## TO DO
Give again, exactly and without pictures, the lines running from the line with "3.5. Effect of" to the end of the records below.

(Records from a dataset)
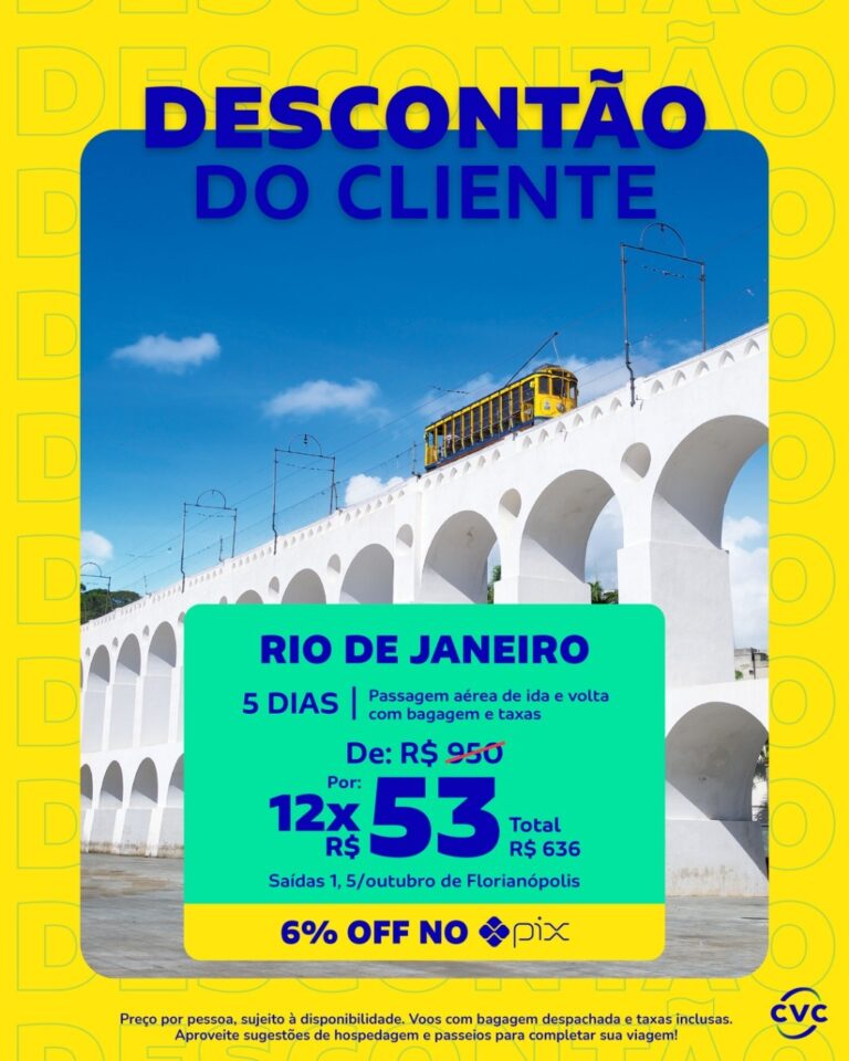 A CVC está com uma promoção exclusiva para quem deseja visitar o Rio de Janeiro. O pacote inclui passagens aéreas de ida e volta, com bagagem despachada e taxas inclusas, para uma estadia de 5 dias. A oferta parte de R$ 636 por pessoa, valor que pode ser parcelado em até 12 vezes de R$ 53.
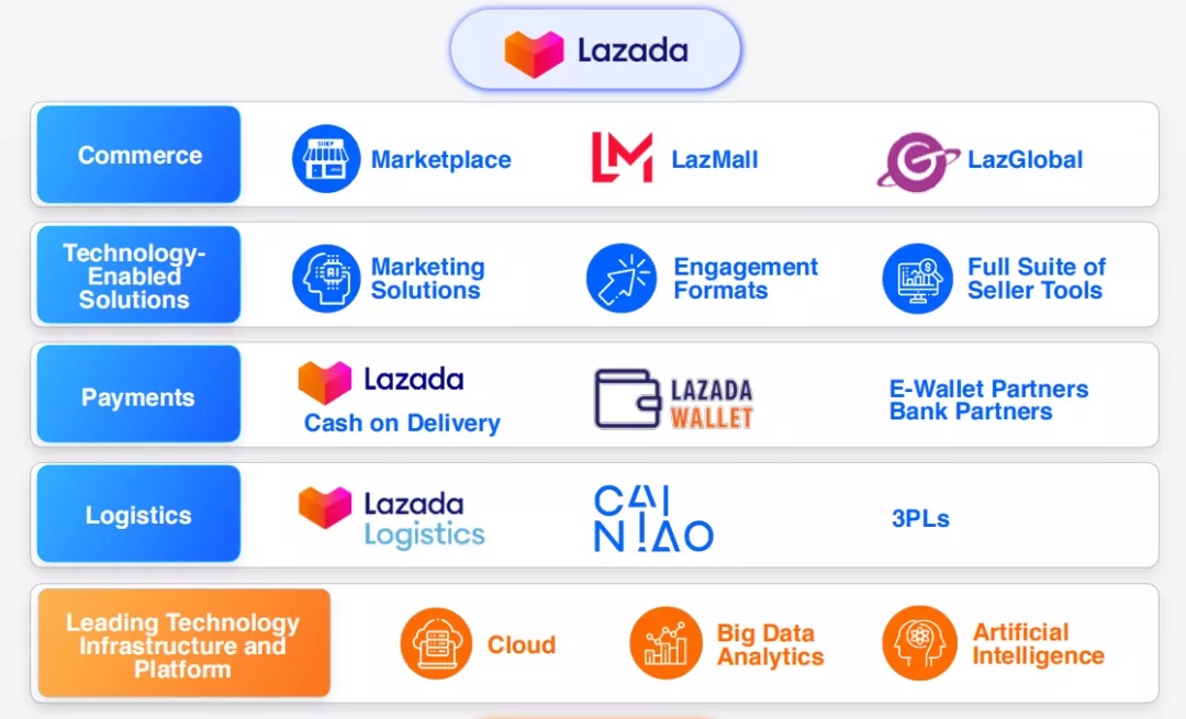 最成熟的Lazada目前已经形成了自己的电商+支付+金融+物流一体化服务。
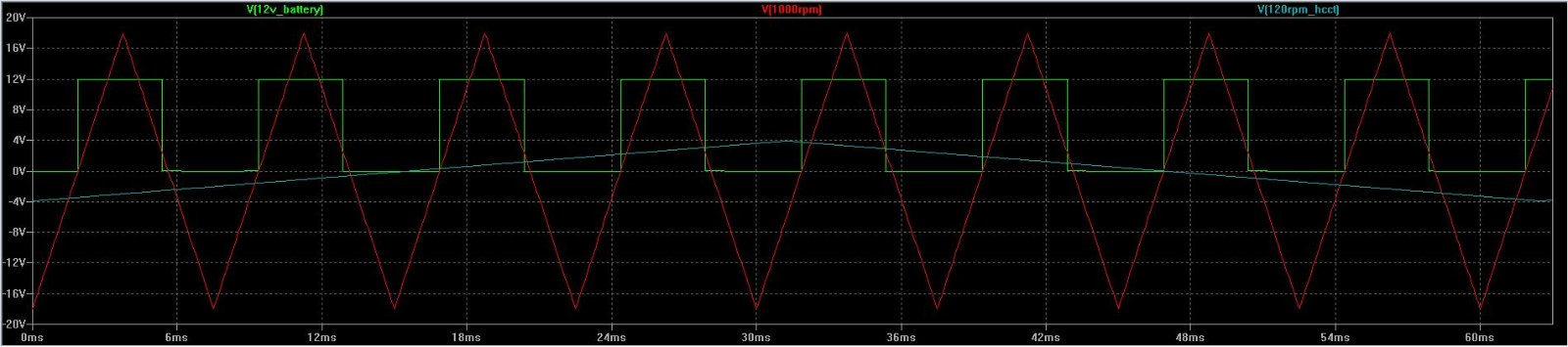 The HCCT briskly cranked at 2 revolutions per second (120 RPM) produces an AC output voltage pulse that rises abnormally slow to an abnormally low voltage level compared with magneto output operating at normal engine speed (1000 RPM). Here is a plot illustrating the 120 RPM HCCT magneto voltage output (blue trace) compared with magneto output at normal engine speed (red trace - 1000RPM) and 12V DC battery operation (green trace). Note that 12V DC powered electronic test equipment pulse (Green trace) more closely mimics the positive magneto output pulse at normal engine speeds (Red Trace) compared with the briskly cranked HCCT output (Blue trace). The HCCT positive AC pulse takes over 8 times as long to reach its peak value (4V) that is less than 1/3 the amplitude of the magneto output (>12V) at normal engine speed. In summary, just because the Model T magneto output produces an Alternating Current does not mean the coil test stimulus Must be an Alternating Current pulse. A fast Direct Current pulse can actually mimic the magneto output voltage at normal operating speeds better than an abnormally slow rising Alternating Current pulse with abnormally low peak voltage value.
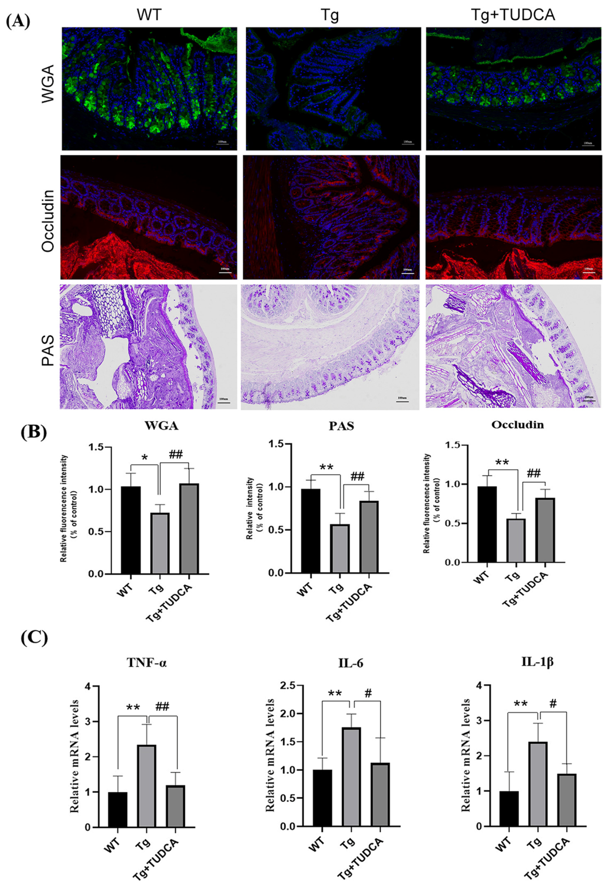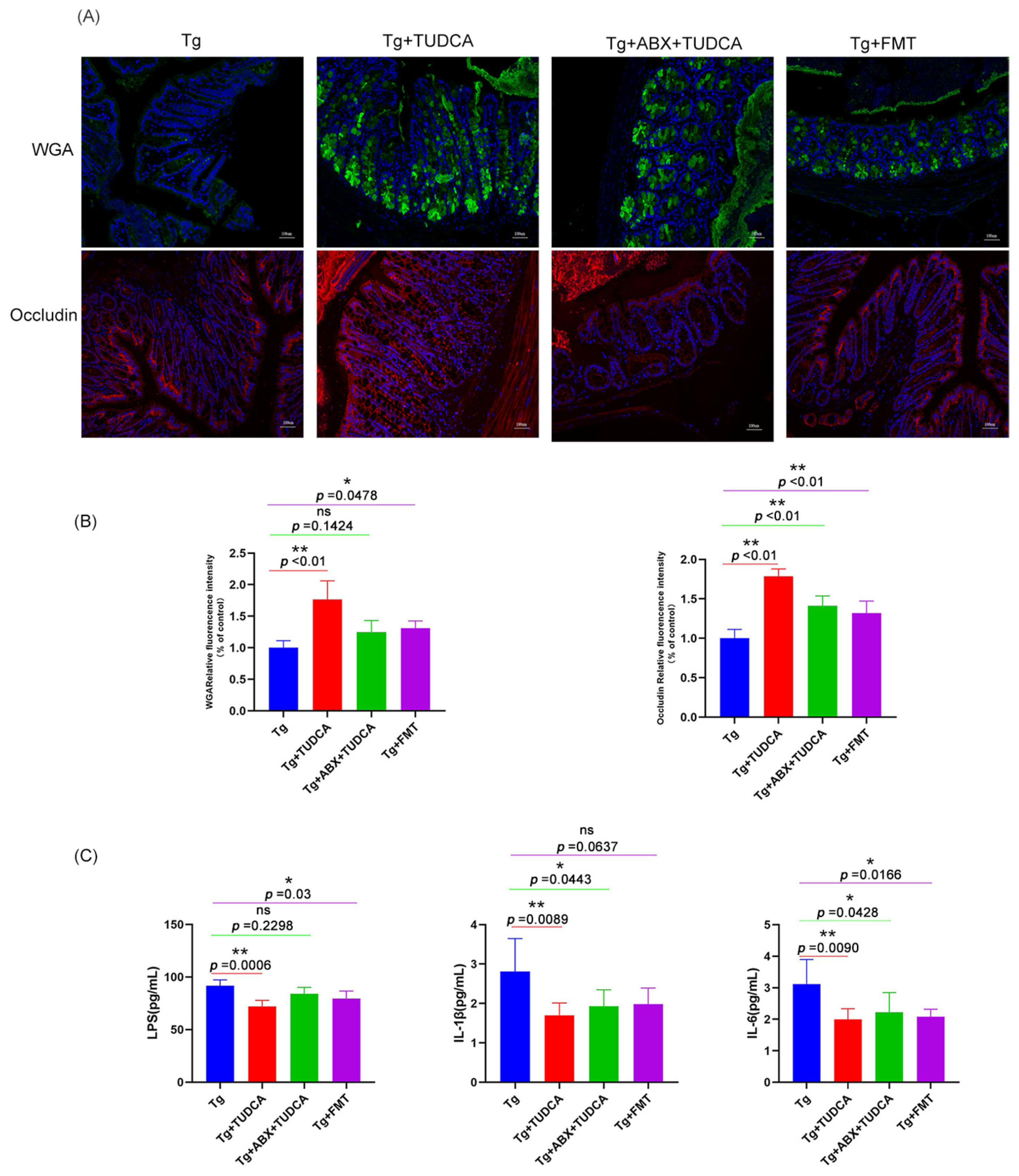 3.5. Effect of TUDCA on the Impairment of the Gut Barrier and Inflammation in APP/PS1 Mice
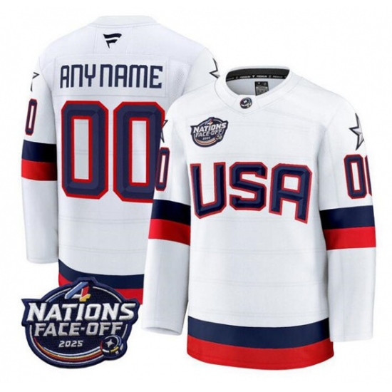 Men's USA Active Player Custom White 2025 4 Nations Face-Off Stitched Jersey
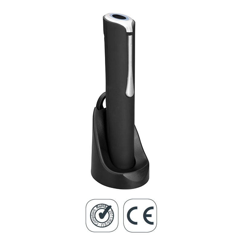 Tire-bouchon électrique puissance de 1.2 V avec poignée ergonomique et chargeur secteur. Un fonctionnement silencieux et sans vibration. De qualité professionnelle pour un usage domestique. Mesures: 12x32 cm

## ANSWER
 3.5. Effect of TUDCA on the Impairment of the Gut Barrier and Inflammation in APP/PS1 Mice
 Men's USA Active Player Custom White 2025 4 Nations Face-Off Stitched Jersey
 Tire-bouchon électrique puissance de 1.2 V avec poignée ergonomique et chargeur secteur. Un fonctionnement silencieux et sans vibration. De qualité professionnelle pour un usage domestique. Mesures: 12x32 cm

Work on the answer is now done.